Optional. Supported rouge types are rougen[1-9], rougeL, and rougeLsum.

useStemmer

boolean

Optional. Whether to use stemmer to compute rouge score.

splitSummaries

boolean

Optional. Whether to split summaries while using rougeLsum.

RougeInstance

Spec for rouge instance.

JSON representation
{
  "prediction": string,
  "reference": string
}
Fields
prediction

string

Required. Output of the evaluated model.

reference

string

Required. Ground truth used to compare against the prediction.

FluencyInput

Input for fluency metric.

JSON representation
{
  "metricSpec": {
    object (FluencySpec)
  },
  "instance": {
    object (FluencyInstance)
  }
}
Fields
metricSpec

object (FluencySpec)

Required. Spec for fluency score metric.

instance

object (FluencyInstance)

Required. Fluency instance.

FluencySpec

Spec for fluency score metric.

JSON representation
{
  "version": integer
}
Fields
version

integer

Optional. Which version to use for evaluation.

FluencyInstance

Spec for fluency instance.

JSON representation
{
  "prediction": string
}
Fields
prediction

string

Required. Output of the evaluated model.

CoherenceInput

Input for coherence metric.

JSON representation
{
  "metricSpec": {
    object (CoherenceSpec)
  },
  "instance": {
    object (CoherenceInstance)
  }
}
Fields
metricSpec

object (CoherenceSpec)

Required. Spec for coherence score metric.

instance

object (CoherenceInstance)

Required. Coherence instance.

CoherenceSpec

Spec for coherence score metric.

JSON representation
{
  "version": integer
}
Fields
version

integer

Optional. Which version to use for evaluation.

CoherenceInstance

Spec for coherence instance.

JSON representation
{
  "prediction": string
}
Fields
prediction

string

Required.
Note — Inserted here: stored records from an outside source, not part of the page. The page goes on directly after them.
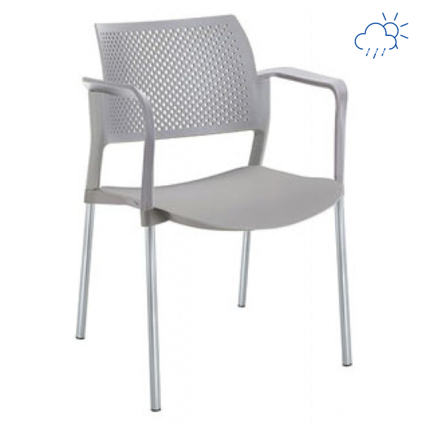 Silla ergonómica con asiento y respaldo en polipropileno con descansabrazos ideal para uso exterior e interior. Alta resistencia.
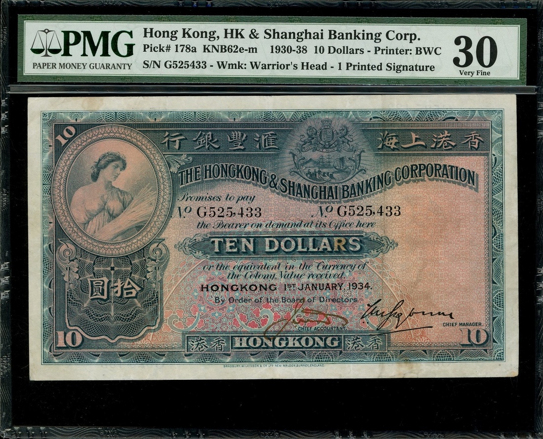 The Hongkong and Shanghai Banking Corporation, $10, 1.1.1934, serial number G525433, handsigned at lower left,
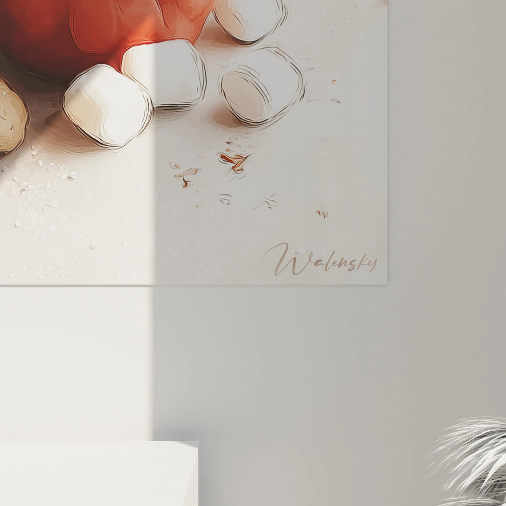 L'originalité de ce tableau chocolat chaud contemporain réside dans sa capacité à transformer un moment quotidien en une célébration visuelle extraordinaire. L'intégration des branches ornementales directement dans la tasse constitue un élément distinctif remarquable, créant une fusion poétique entre nature et artifice. Cette art mural chocolat chaud se distingue également par son traitement lumineux particulier, où les particules en suspension créent une atmosphère quasi magique. Les détails comme les biscuits aux graines de sésame et les marshmallows éparpillés apportent une authenticité touchante qui élève cette représentation au-delà de la simple nature morte pour en faire une véritable ode aux plaisirs simples.
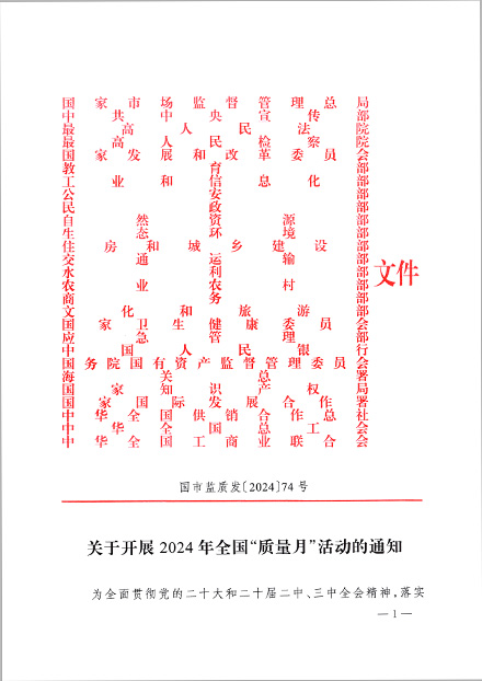 2024年9月,市場監(jiān)管總局、中央宣傳部、最高人民法院、最高人民檢察院、國家發(fā)展改革委等27個部門以“加強(qiáng)質(zhì)量支撐 共建質(zhì)量強(qiáng)國”為主題,聯(lián)合開展2024年全國“質(zhì)量月”活動,全面貫徹黨的二十大和二十屆二中、三中全會精神,落實《質(zhì)量強(qiáng)國建設(shè)綱要》(以下簡稱《綱要》)部署,深入推動全民質(zhì)量行動。
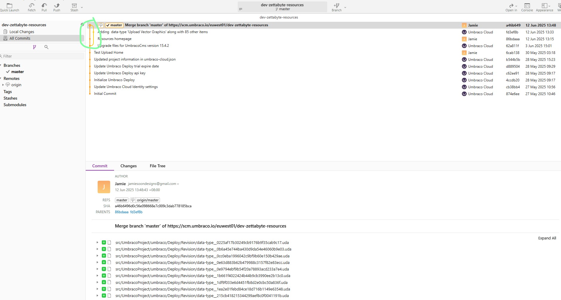 I’m trying to upgrade to Umbraco 16. Currently using umbraco cloud 15. I don’t know if the error is caused by this branch that I see in ‘Fork’. How do I merge the branch in Fork.
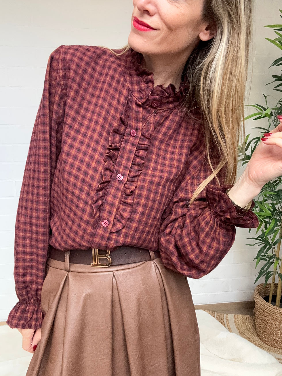 Trendy en toch vrouwelijk: deze bordeaux bloes in PU-leer met zachte voering voelt aangenaam aan en oogt luxueus. De kortere lengte geeft extra elegantie, en het 1 maat-model past mooi tot maat 40-42.

Output of the evaluated model.

SafetyInput

Input for safety metric.

JSON representation
{
  "metricSpec": {
    object (SafetySpec)
  },
  "instance": {
    object (SafetyInstance)
  }
}
Fields
metricSpec

object (SafetySpec)

Required. Spec for safety metric.

instance

object (SafetyInstance)

Required. Safety instance.

SafetySpec

Spec for safety metric.

JSON representation
{
  "version": integer
}
Fields
version

integer

Optional. Which version to use for evaluation.

SafetyInstance

Spec for safety instance.

JSON representation
{
  "prediction": string
}
Fields
prediction

string

Required. Output of the evaluated model.

GroundednessInput

Input for groundedness metric.

JSON representation
{
  "metricSpec": {
    object (GroundednessSpec)
  },
  "instance": {
    object (GroundednessInstance)
  }
}
Fields
metricSpec

object (GroundednessSpec)

Required. Spec for groundedness metric.

instance

object (GroundednessInstance)

Required. Groundedness instance.

GroundednessSpec

Spec for groundedness metric.

JSON representation
{
  "version": integer
}
Fields
version

integer

Optional. Which version to use for evaluation.

GroundednessInstance

Spec for groundedness instance.

JSON representation
{
  "prediction": string,
  "context": string
}
Fields
prediction

string

Required. Output of the evaluated model.

context

string

Required. Background information provided in context used to compare against the prediction.

FulfillmentInput

Input for fulfillment metric.

JSON representation
{
  "metricSpec": {
    object (FulfillmentSpec)
  },
  "instance": {
    object (FulfillmentInstance)
  }
}
Fields
metricSpec

object (FulfillmentSpec)

Required. Spec for fulfillment score metric.

instance

object (FulfillmentInstance)

Required. Fulfillment instance.

FulfillmentSpec

Spec for fulfillment metric.

JSON representation
{
  "version": integer
}
Fields
version

integer

Optional. Which version to use for evaluation.

FulfillmentInstance

Spec for fulfillment instance.

JSON representation
{
  "prediction": string,
  "instruction": string
}
Fields
prediction

string

Required. Output of the evaluated model.

instruction

string

Required. Inference instruction prompt to compare prediction with.

SummarizationQualityInput

Input for summarization quality metric.

JSON representation
{
  "metricSpec": {
    object (SummarizationQualitySpec)
  },
  "instance": {
    object (SummarizationQualityInstance)
  }
}
Fields
metricSpec

object (SummarizationQualitySpec)

Required. Spec for summarization quality score metric.

instance

object (SummarizationQualityInstance)

Required. Summarization quality instance.

SummarizationQualitySpec

Spec for summarization quality score metric.

JSON representation
{
  "useReference": boolean,
  "version": integer
}
Fields
useReference

boolean

Optional. Whether to use instance.reference to compute summarization quality.

version

integer

Optional. Which version to use for evaluation.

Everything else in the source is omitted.